# Work to complete:
Produce exactly the lines from the one holding "我們再欣賞另一位本港藝術家羅" through the last line of the data below, with every picture left out.

# Stored dataset items:

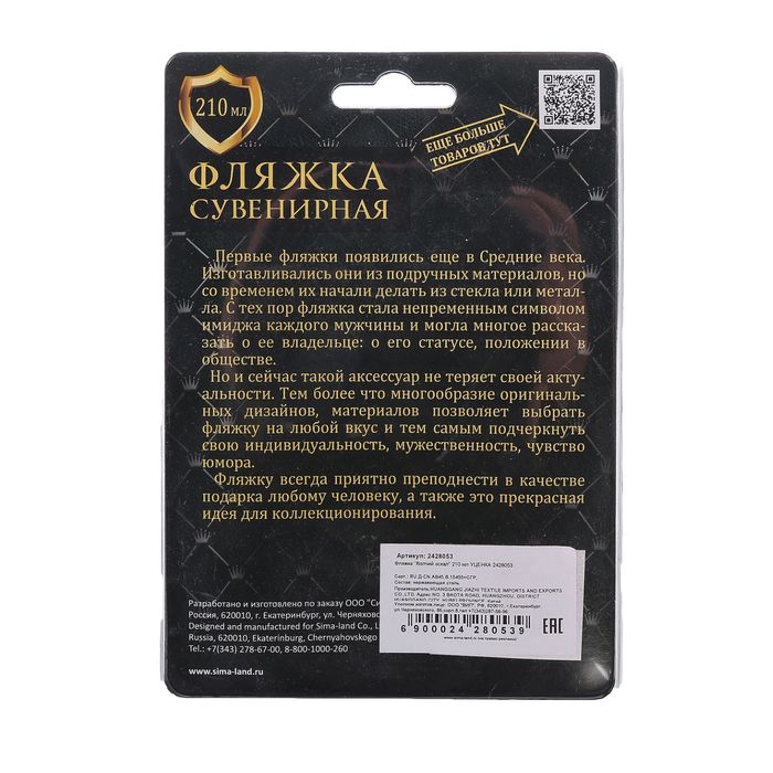Фляжка "Волчий оскал" 210 мл УЦЕНКА — сувенир в полном смысле этого слова. И главная его задача — хранить воспоминание о месте, где вы побывали, или о том человеке, который подарил данный предмет. Преподнесите эту вещь своему другу, и она станет достойным украшением его дома.
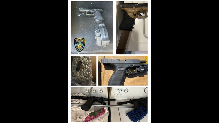 - three firearms seized (2 AR pistols and 1 tan Glock, which was stolen and had an auto-sear “Glock switch”)
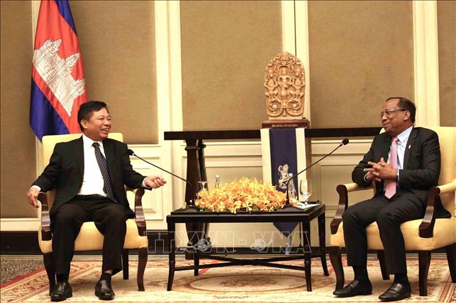 Phó Chủ tịch thứ hai Quốc hội Campuchia Vong Sauth (phải) và Đại sứ Nguyễn Huy Tăng. Ảnh: TTXVN |
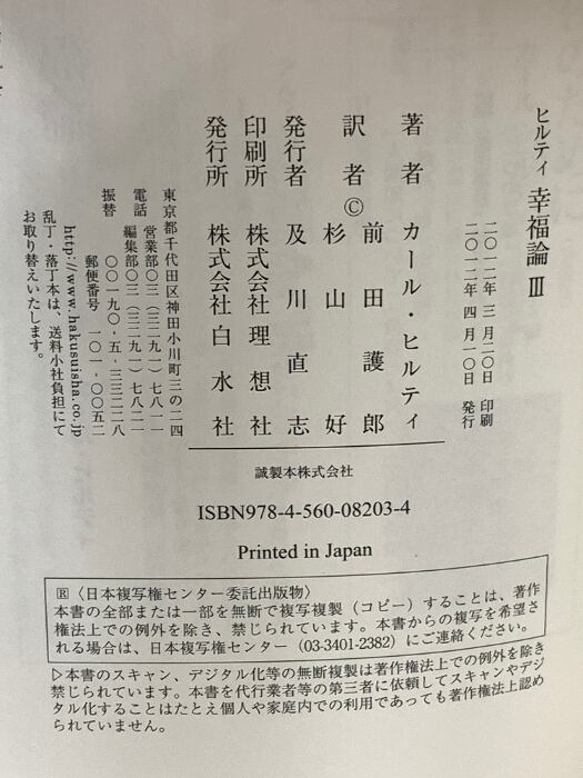 ヒルティ 幸福論 3 (新装版) 白水社 カール ヒルティ
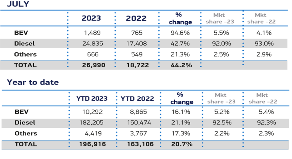 Last month saw some very encouraging news from the SMMT concerning Commercial Vehicle sales in the year to August 2023 with growth of 20.7 % YTD, and the significant growth of Electric Vehicles (BEV) content of 94.6 % in August. Excellent market signals and positive news for Morris.
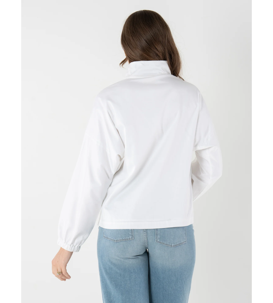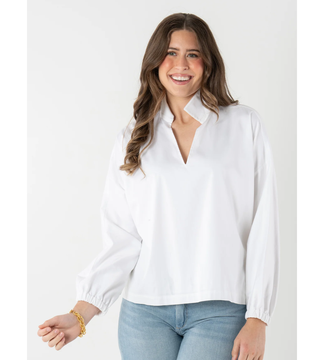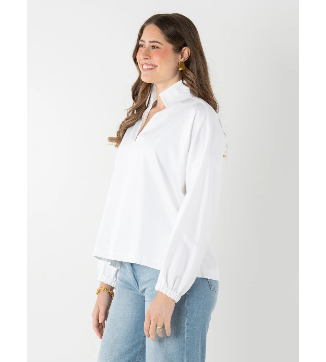 Clean, crisp, and endlessly versatile, the Long-sleeve Poppy in White Cotton Poplin is a wardrobe staple designed for year-round wear. Featuring a structured stand collar, long elastic dolman sleeves, and a relaxed silhouette, this top offers effortless comfort with a polished finish. The breathable cotton poplin keeps you cool, while the timeless design transitions seamlessly from casual outings to elevated lounging. A true capsule essential.
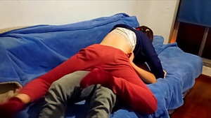 Lüsterne Stiefschwestern ficken ihre großen Stiefbrüder auf dem Sofa
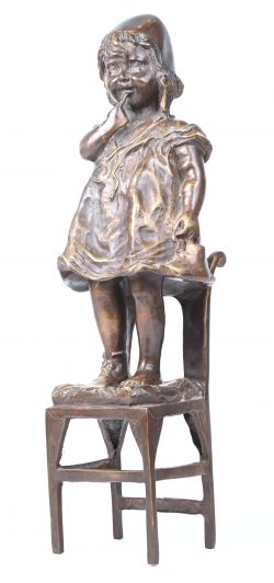 #227“Meisje op stoel”. Een brons gegoten beeldje, verso gesigneerd.
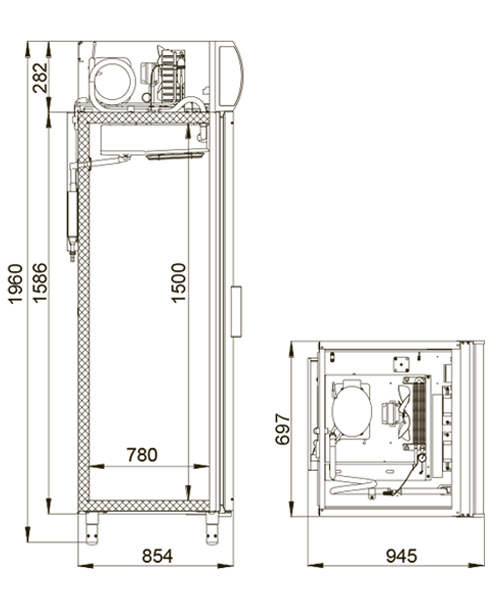 Шкаф холодильный Polair DP107-S имеет прочный цельнозаливной корпус из стали с полимерным покрытием. Конструкция герметична, оснащена эластичными уплотнителями с магнитными вставками. Динамическая система обеспечивает равномерное охлаждение продуктов во всем полезном объеме агрегата. Модель имеет электронное управление, клапан Шредера, механический замок. Действует система автоматической оттайки с испарением конденсата. Установлены ПЭН обогрева дверного проема и ПЭН обогрева трубки слива конденсата. Ножки регулируются по высоте, компенсируя неровности пола. Панель-канапе и внутреннее пространство с подсветкой. Алюминиевая рама двери разборная, позволяет заменить стеклопакет. Техника рассчитана на работу при температуре окружающей среды до +32 °С и влажности воздуха до 60 %.
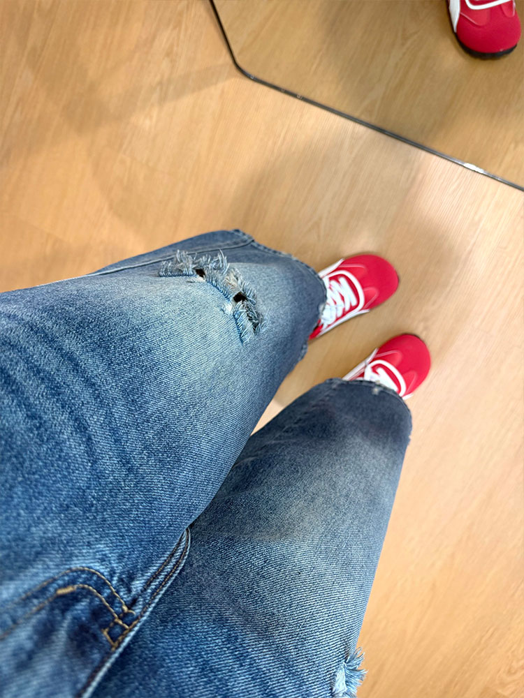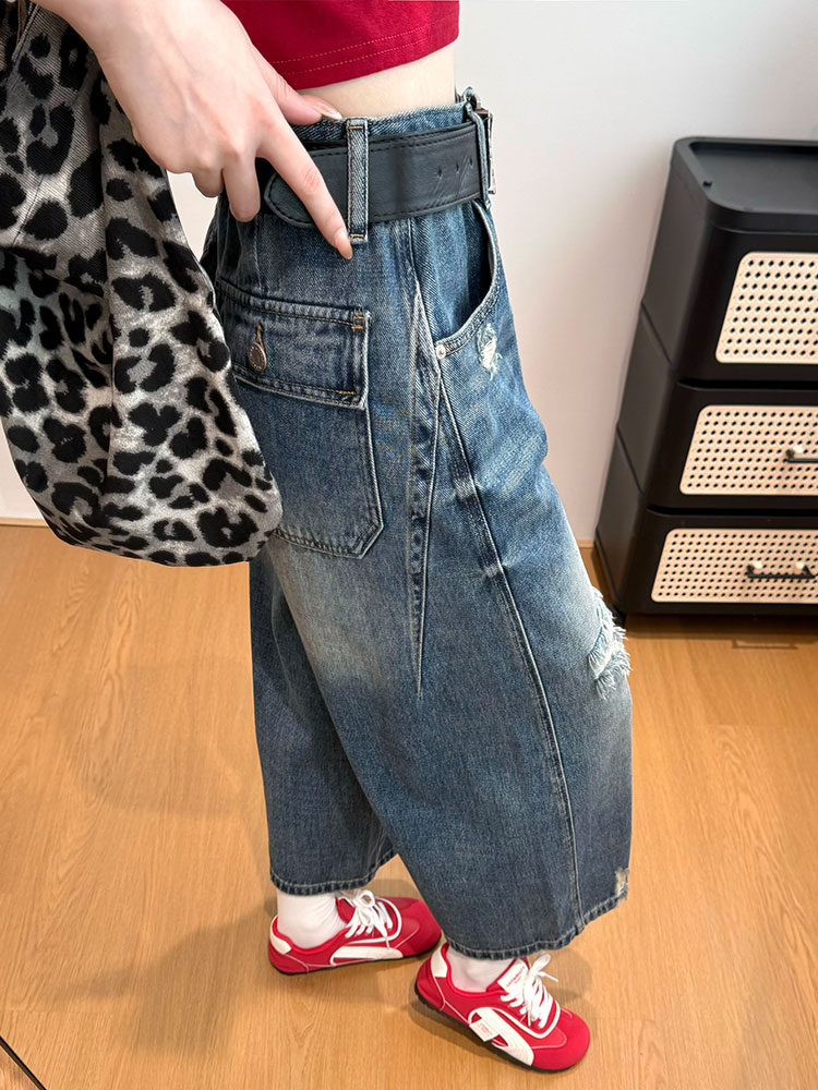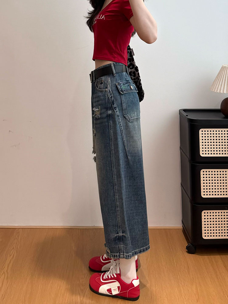 素心 블루 youmo 2026 여름 드레스 레트로 마 오래된 착용 찢어진 부분 캐주얼 8 점 와이드 레그 팬츠 청바지 여성
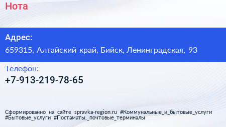 Нота по адресу 659315, Алтайский край, Бийск, Ленинградская, 93 в дальнейшем Организация, размещена в следующих категориях:
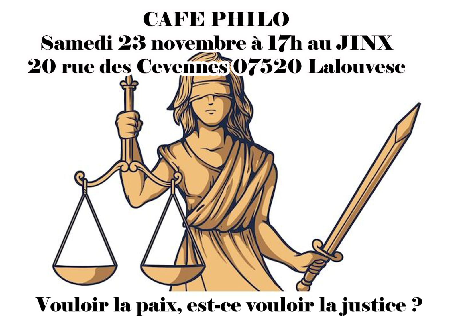 Le thème du prochain Café-Philo aura pour thème : “Vouloir la paix, est-ce vouloir la justice ?”. Il se tiendra au Jinx ou à défaut à la Mairie.
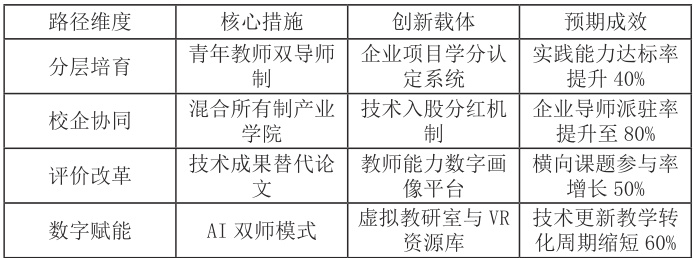 建设“双师型”教师队伍是高职院校教育系统与产业系统深度融合的一种制度化创新探索,要想解决面临的困境必须从三个方面入手。制度层面,围绕“资格认证 - 培养培训-评价激励”,形成推进《产教融合促进条例》落实落细的工作闭环。实践层面,依托企业技术项目搭建“教学 - 研发 - 服务”的教师发展一体化范式。技术层面,基于 AI 和数字孪生的优势,将产业的技术前沿能够更快地传导给教学中去。惟有将教师的双腿站稳在车间里、双手捧起职业教育的技术心脏,才能让这棵结出振兴硕果的职业教育之树茁壮成长。
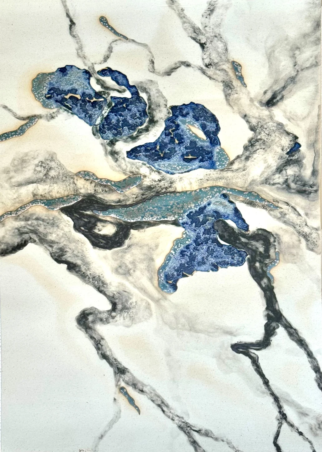 我們再欣賞另一位本港藝術家羅嘉豪的瓷板畫《願消退之前,結為晶石》。標題發人深思,感性的詩情畫意,咫尺之中帶有哲學的向度。尺幅不大的瓷板創作,視覺效果虛實相應,投入了羅嘉豪的深情。名題暗喻,世上任何事物都會流逝,包括生命、美好的相遇,希能在事物消逝之前,捕捉過程中最美的一刻,把此凝結成為堅實、永恆純澈的晶石。亦可理解為:藝術在實踐過程中,決不猶豫、果斷的創作魄力。
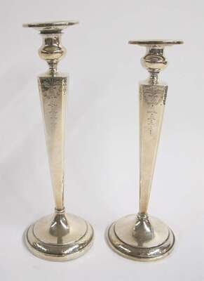 Two sterling silver candlesticks J. Wagner & Sons, New York, NY, mid 20th century

# Solution to the exercise:
 我們再欣賞另一位本港藝術家羅嘉豪的瓷板畫《願消退之前,結為晶石》。標題發人深思,感性的詩情畫意,咫尺之中帶有哲學的向度。尺幅不大的瓷板創作,視覺效果虛實相應,投入了羅嘉豪的深情。名題暗喻,世上任何事物都會流逝,包括生命、美好的相遇,希能在事物消逝之前,捕捉過程中最美的一刻,把此凝結成為堅實、永恆純澈的晶石。亦可理解為:藝術在實踐過程中,決不猶豫、果斷的創作魄力。
 Two sterling silver candlesticks J. Wagner & Sons, New York, NY, mid 20th century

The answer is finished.